Like organic meat and poultry, kosher meats and poultry are hormone-free.
Joseph Azizi, a co-owner of Santa MonicaKosher Market in West Los Angeles, said the meat scare had brought new Latino and Japanese customers from the surrounding neighborhood. He said sales had risen about 30% recently, noting that the regional supermarket labor strike, which has sent some people in search of new places to shop, was another possible factor in the upswing in business.
After reports of mad cow disease in Washington, Azizi hoisted a yellow and red banner above the storefront that reads: "Don't Get 'Mad' Get Kosher / Kosher Meat Is Safe." That sign reassured some existing customers and brought in non-Jewish customers along with non-kosher Jews.

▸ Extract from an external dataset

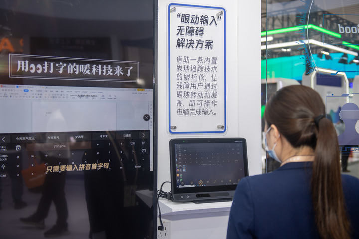 在騰訊公司展區(qū),一款可以用眼睛打字的眼動(dòng)輸入儀吸引了人們的關(guān)注。儀器能夠精準(zhǔn)捕捉用戶的眼球滾動(dòng),從而實(shí)現(xiàn)打字功能。展會(huì)工作人員介紹,對(duì)于殘障人士、“漸凍癥”患者等人群來說,通過眼球轉(zhuǎn)動(dòng)和凝視即可操作電腦完成輸入,眼動(dòng)輸入儀幫助他們提升了打字效率,使他們的生活更加便利。

Because kosher dietary laws prohibit the mixing of meat and milk products, kosher food labeling is particularly rigorous. Foods are categorized as meat, dairy or pareve — a neutral category containing neither meat nor dairy. The meticulous labeling has helped drive a steady 15% annual growth in the U.S. market for kosher products, according to market research firms that monitor the kosher food industry. Among the buyers: vegetarians who know that certified products don't contain hidden meat products; people with lactose intolerance who must avoid hidden milk products; Muslims, Hindus and Seventh-day Adventists whose dietary prohibitions overlap with kosher laws; and the growing group of Americans choosing kosher foods as a more healthful alternative.
National supermarket chains, which sell roughly three-fourths of the nation's kosher products, are increasing their kosher offerings to meet this growing demand.

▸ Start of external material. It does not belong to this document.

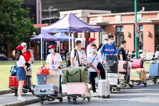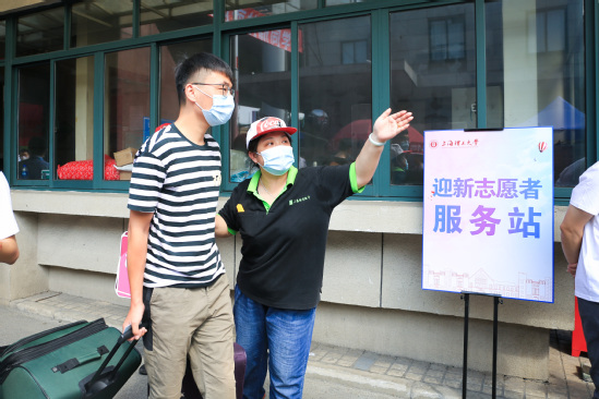 “同学你好,欢迎来到上海理工大学,我是你们的学长,请大家佩戴好口罩……”在这个特别的迎新日,学校“师生总动员”,校级层面招募50余名教师志愿者、400多名学生志愿者,分布在校园各处为新生排忧解难。环建学院研究生云辉就是志愿者之一,他在516号校区五宿舍跑上跑下,忙着帮学弟学妹们搬运行李,“早上六点就起来了,两个多小时搬了有十几趟,虽然很热也很辛苦,但就想着多帮学弟学妹做点什么,让他们感受到上理大家庭的温暖。”

Menachem Lubinsky, editor of Kosher Today, a New York-based newsletter, said the number of certified kosher products had soared from 16,000 in 1977 to 80,000 today, including such well-known food items as Oreo cookies. He said about a third of all supermarket items were certified kosher. In 2003, kosher foods comprised about $170 billion of the $500 billion in U.S. food sales.
"Our non-Jewish customers are seeing the health benefits," said Terry O'Neil, a spokesman for Ralphs Grocery Co. in Compton, which has kosher butchers in eight of its stores, with plans to add more. "As we've expanded the departments to a lot of new stores, we've seen an increase in the cross-section of our customers purchasing kosher."

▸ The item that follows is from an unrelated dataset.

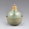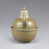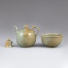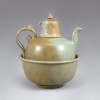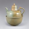 这是一组高丽时代上级阶层在斟酒或奉茶时使用的青瓷温碗与注壶组合,两件器物皆呈近似圆形,造型饱满,施以柔和的翡色釉,充分展现了高丽青瓷的美学特色。

Rabbi Eliezer Eidlitz, director of the Kosher Information Bureau in North Hollywood, has noticed the change among people who sign up for supermarket tours that his organization sponsors. The tour groups, which used to cater almost exclusively to Orthodox Jews, now include a lot of people who are not Jewish.
Strict dietary laws govern certification
To be certified kosher, animals must be raised, killed and processed according to strict Jewish dietary law. Symbols of kosher certification include the letter K, often in combination with other symbols, or a U surrounded by a circle. The word "pareve" on a label means that the food contains neither meat nor dairy products.
Kosher poultry cannot show any signs of being pecked, sick or injured. The birds are killed with a slit to the neck, allowing the blood to drain out. They're never plunged into hot water (a theoretical source of bacterial contamination), but are washed in cold water before being soaked, salted and washed again. Experts in the koshering process say the extensive use of salt helps kill bacteria.
To be kosher, cows must be younger than 30 months. Dairy cows are never used. Kosher laws preclude using a stun gun or a bullet to the brain, which could scatter brain and nerve tissue (a source of mad cow disease). The animal must be hand-slaughtered by slitting its neck. Religious inspectors look for signs of broken bones, disease or scarred or punctured organs, which disqualify the animal. Downer cattle are never used, and about only 40% of healthy cattle qualify as kosher. Meat can be taken from only the forequarters; it is then soaked and salted to draw out the blood.